[Given information — start]

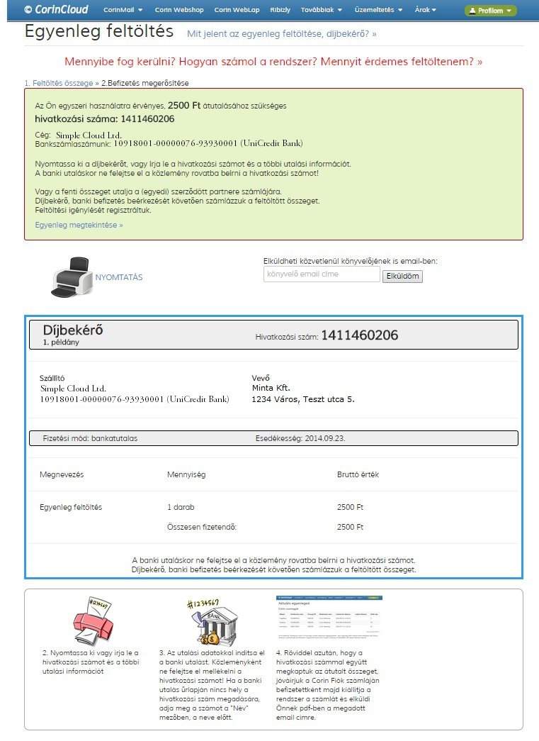 A rendszer elkészíti a díjbekérő számlát a megadott feltöltési összegről, melyet elküldhetsz azonnal a könyvelésre (az utalás ügyintézőjének), kinyomtathatsz, vagy azonnal intézheted az átutalást saját bankodba belépve.
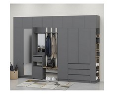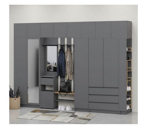 Комплект позволяет организовать раздельное хранение одежды, обуви, сумок и сезонных аксессуаров, создавая законченную и упорядоченную композицию благодаря угловому решению и модульности.
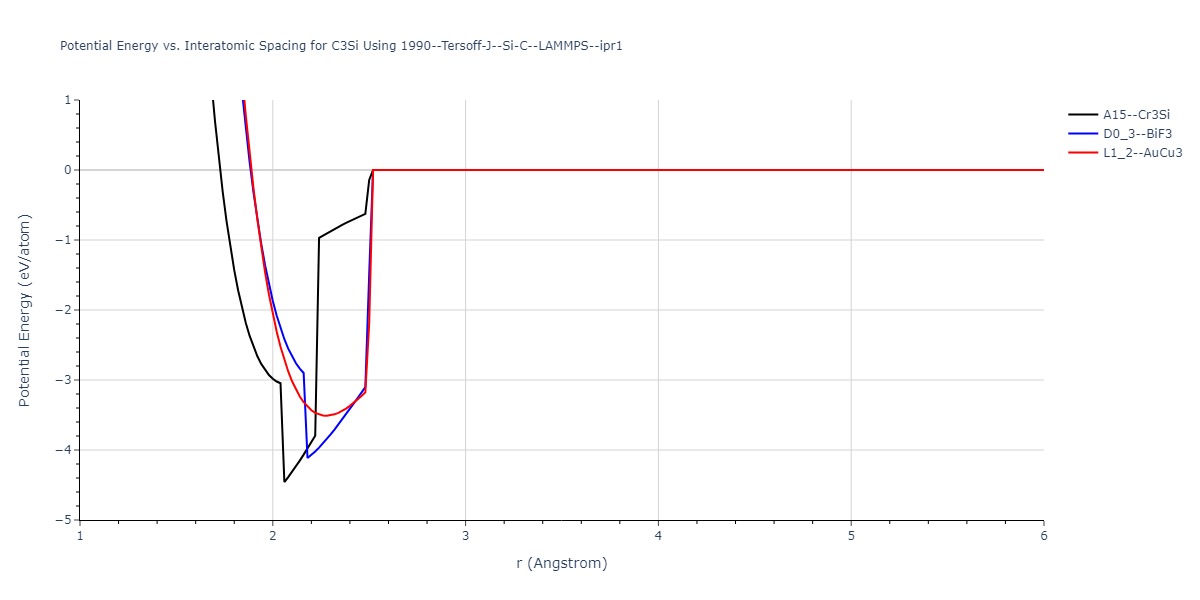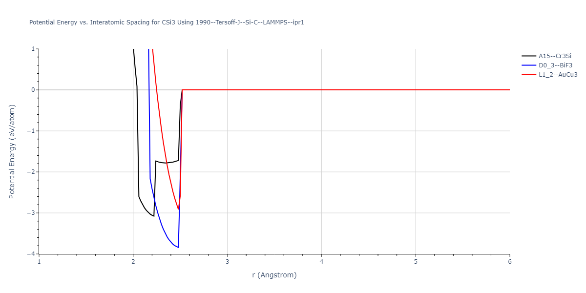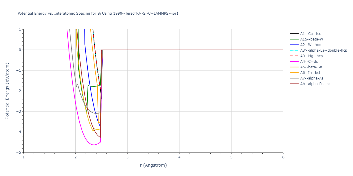 Plots of potential energy vs interatomic spacing, r, are shown below for a number of crystal structures. The structures are generated based on the ideal atomic positions and b/a and c/a lattice parameter ratios for a given crystal prototype. The size of the system is then uniformly scaled, and the energy calculated without relaxing the system. To obtain these plots, values of r are evaluated every 0.02 Å up to 6 Å.
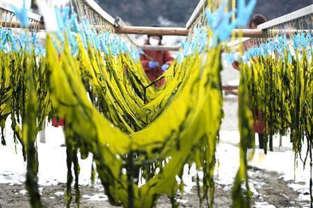 干したワカメは夕方、取り込み、ゴザにくるんで小屋にしまっておくという。雨に降られて濡れたり、強風で砂まみれになったりすると困るからだ。翌日また干し直し、かりかりに黒い干しワカメになるには、けっこう手間がかかる。
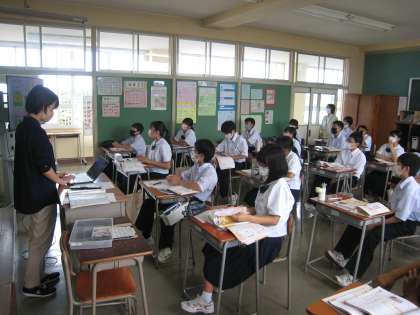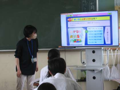 1−1家庭科の授業風景です。いろいろ情報をもとに正しい食品の選び方について学習しています。毎日の身近なことで、とても大切ですね。
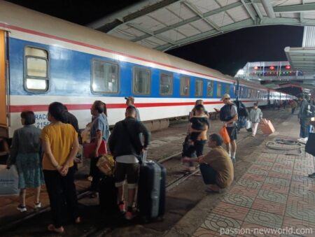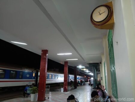 そして日没。列車の旅の後半は、ダウンロードしておいたディズニー+の配信ドラマをタブレットで3話分、計3時間視聴。すると、女性の車掌さんが何か合図をしてくれた。イヤホンを外すと「もうすぐニャチャンに着くよ」。車掌さんの手元にはスマホがあり、座席の状態、乗客の降車駅がすぐにチェックできるシステムになっているようだ。時刻表によると、ニャチャン駅出発は午後11時28分。およそ20分前の到着だった。線路沿いには欧米系バックパッカーと地元の人たちが大勢集まっている。これからダナンに向かうのだろうか。
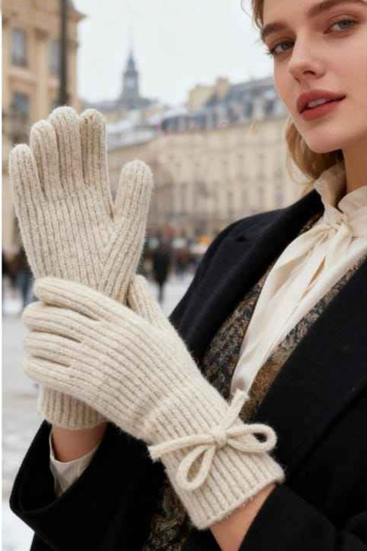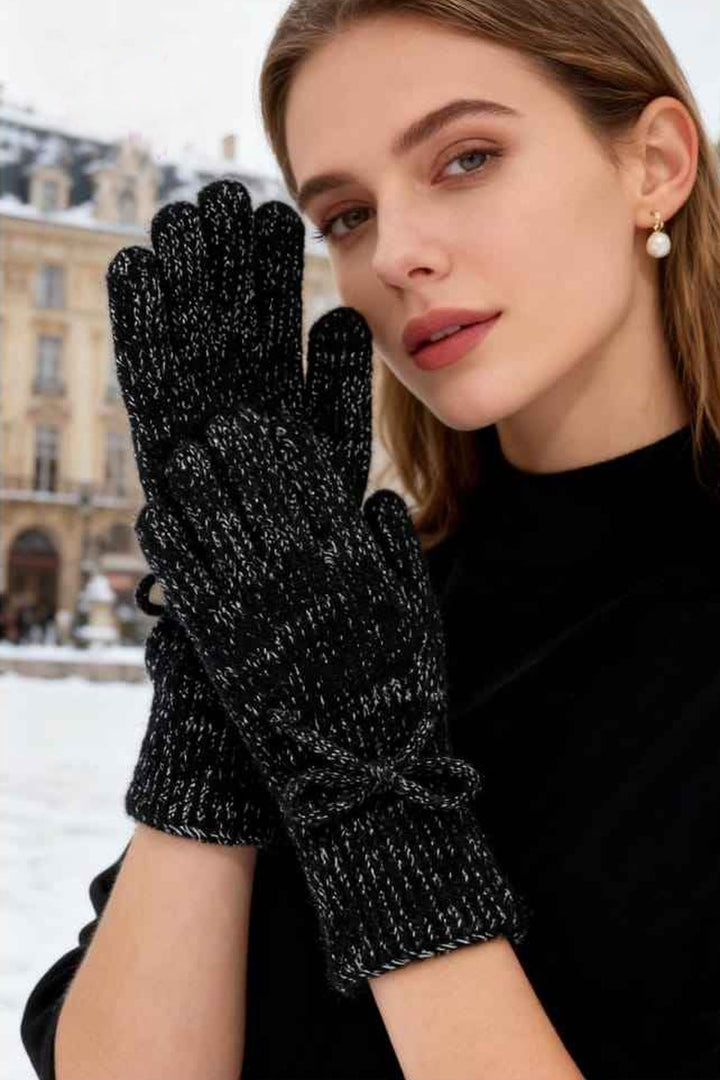 Ribbed Knit Bow Detail Gloves

[Given information — finish]

**Activity:** Word for word, print every record, and leave out any picture.

**Solution for this problem:**
 A rendszer elkészíti a díjbekérő számlát a megadott feltöltési összegről, melyet elküldhetsz azonnal a könyvelésre (az utalás ügyintézőjének), kinyomtathatsz, vagy azonnal intézheted az átutalást saját bankodba belépve.
 Комплект позволяет организовать раздельное хранение одежды, обуви, сумок и сезонных аксессуаров, создавая законченную и упорядоченную композицию благодаря угловому решению и модульности.
 Plots of potential energy vs interatomic spacing, r, are shown below for a number of crystal structures. The structures are generated based on the ideal atomic positions and b/a and c/a lattice parameter ratios for a given crystal prototype. The size of the system is then uniformly scaled, and the energy calculated without relaxing the system. To obtain these plots, values of r are evaluated every 0.02 Å up to 6 Å.
 干したワカメは夕方、取り込み、ゴザにくるんで小屋にしまっておくという。雨に降られて濡れたり、強風で砂まみれになったりすると困るからだ。翌日また干し直し、かりかりに黒い干しワカメになるには、けっこう手間がかかる。
 1−1家庭科の授業風景です。いろいろ情報をもとに正しい食品の選び方について学習しています。毎日の身近なことで、とても大切ですね。
 そして日没。列車の旅の後半は、ダウンロードしておいたディズニー+の配信ドラマをタブレットで3話分、計3時間視聴。すると、女性の車掌さんが何か合図をしてくれた。イヤホンを外すと「もうすぐニャチャンに着くよ」。車掌さんの手元にはスマホがあり、座席の状態、乗客の降車駅がすぐにチェックできるシステムになっているようだ。時刻表によると、ニャチャン駅出発は午後11時28分。およそ20分前の到着だった。線路沿いには欧米系バックパッカーと地元の人たちが大勢集まっている。これからダナンに向かうのだろうか。
 Ribbed Knit Bow Detail Gloves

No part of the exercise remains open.